The new "hotspots" for dockless scooters and shared bicycles (LPP photo)

The installation of hotspots in the middle of the sidewalk, as we saw between Cais do Sodré and Santos, goes against the regulations of the Lisbon City Hall itself. O Public Space Manual, released in 2018, of course: "accessible pedestrian routes must have throughout their development a continuous circulation channel unobstructed by obstructions"and are considered obstructions "public lighting, vertical, luminous and informative signs, trees, boilers and raised flower boxes, street furniture and equipment, and all other elements that may block or hinder the circulation of people". It is therefore recommended, "as good practice" that these necessary infrastructures are concentrated "in a single track", "thus freeing the remaining promenade area from any obstacles".

Also the Lisbon Pedestrian Accessibility Planpublished in 2013 by the municipality, leaves no room for doubt: "The placement of obstacles must respect an alignment, preferably rectilinear, and must not impair either the continuity or the coherence of the pedestrian circulation channel (the pedestrian must not be forced into a 'slalom')."

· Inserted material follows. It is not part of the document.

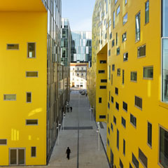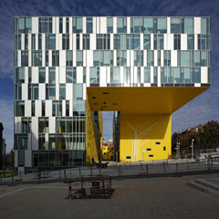 Le bâtiment R+9 émergeant du coeur d’îlot, permet non seulement de "sculpter" la silhouette de cette partie du quartier, mais surtout de chercher des vues lointaines, d’établir des rapports avec le grand paysage et d’offrir ainsi des logements de grande qualité. De larges balcons filants ceinturent les appartements dont les salons disposés aux angles bénéficient d’une double orientation».

Mário Alves, secretary-general of the International Federation of Pedestrians and an active advocate for the rights of those on foot, is concerned about the location of these new points for shared bicycles and scooters. "The savage occupation of sidewalks is an unacceptable problem that the city of Lisbon will have to solve and never aggravate - whether by cars, or more recently by shared scooters"perspective. "Creating micromobility hubs on the sidewalk is to make official and worsen an already very negative situation for pedestrians. It even fosters the mistaken idea that the parking and circulation of scooters is on the sidewalk.” To the expert, "putting even more 'junk' on already cramped sidewalk space is a nuisance to everyone and an unfair attack on the most vulnerable".

Unlike other cities, Lisbon has been creating spaces for shared bicycles in pedestrian spaces, while trying to solve the existing conflicts with the occupation of sidewalks by these dockless bicycles and scooters. In Porto, the so-called "sharing points" for this type of vehicles have been mostly installed in car parking spaces, which has allowed the circumscription of parking places by design (scooters are surrounded by kerbs, road and other cars) and keep well separated what is pedestrian from what is not.